Output the line containing "4 reflective rope, 4" and each line after it through the end of the data, exactly as written, with pictures left out.

Stored items:
# # #

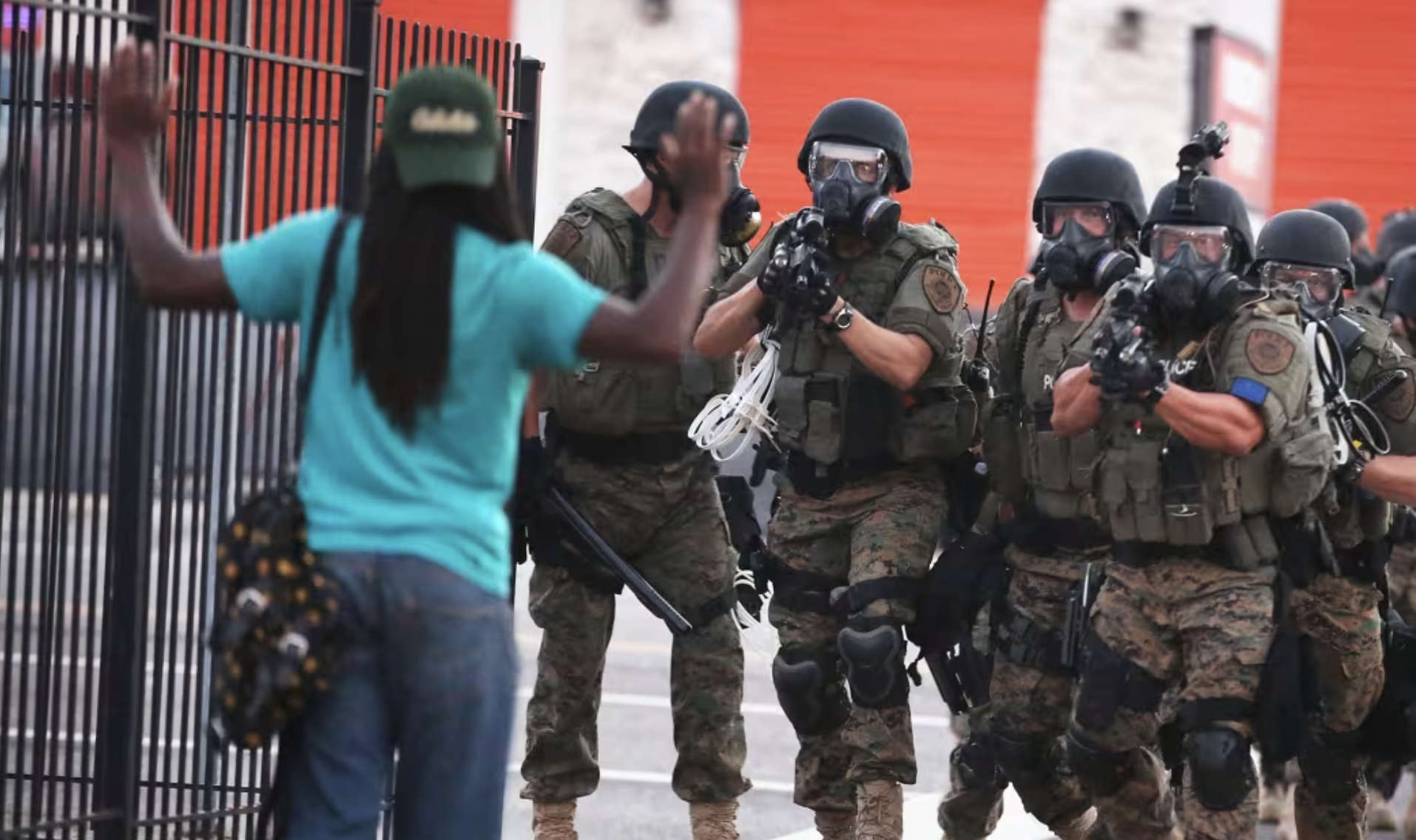 2014年8月11日,密苏里州弗格森市,在警察枪杀手无寸铁的黑人少年迈克尔·布朗后,警方将抗议者从商业区引导至附近社区。图源:NBC新闻
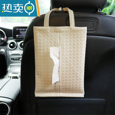 敬平车载纸巾盒车座椅背挂式创意多功能抽纸盒装饰汽车纸巾包挂袋用品 米色编织纸巾包
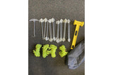 4 reflective rope, 4 wind rope buckle (on the rope), 15 tent stakes, 1 Hammer, 1 hook and 1 storage bag.
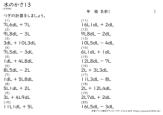 水のかさの計算です。たし算とひき算とがランダムに出題されています。
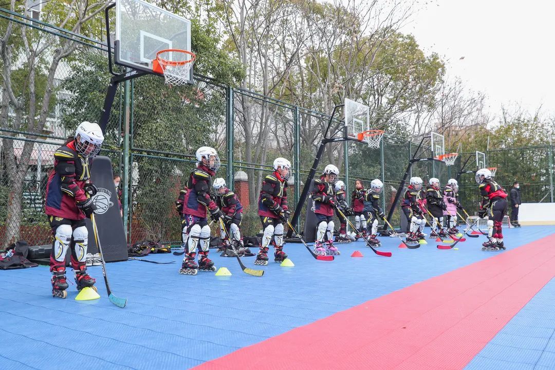 “同学们护膝护肘收收紧,按照我演示的动作再检查一遍,保持好身体平衡,跟着我一起做……”来自四年级六班的陈思同学正在讲解轮滑冰球的安全注意事项。通过“老带小”,社团老成员带动新成员,体验这项运动的魅力,感受冬奥会中国健儿比赛中的飒爽英姿,为他们助威呐喊。

# # #

| Exercise answer |
 4 reflective rope, 4 wind rope buckle (on the rope), 15 tent stakes, 1 Hammer, 1 hook and 1 storage bag.
 水のかさの計算です。たし算とひき算とがランダムに出題されています。
 “同学们护膝护肘收收紧,按照我演示的动作再检查一遍,保持好身体平衡,跟着我一起做……”来自四年级六班的陈思同学正在讲解轮滑冰球的安全注意事项。通过“老带小”,社团老成员带动新成员,体验这项运动的魅力,感受冬奥会中国健儿比赛中的飒爽英姿,为他们助威呐喊。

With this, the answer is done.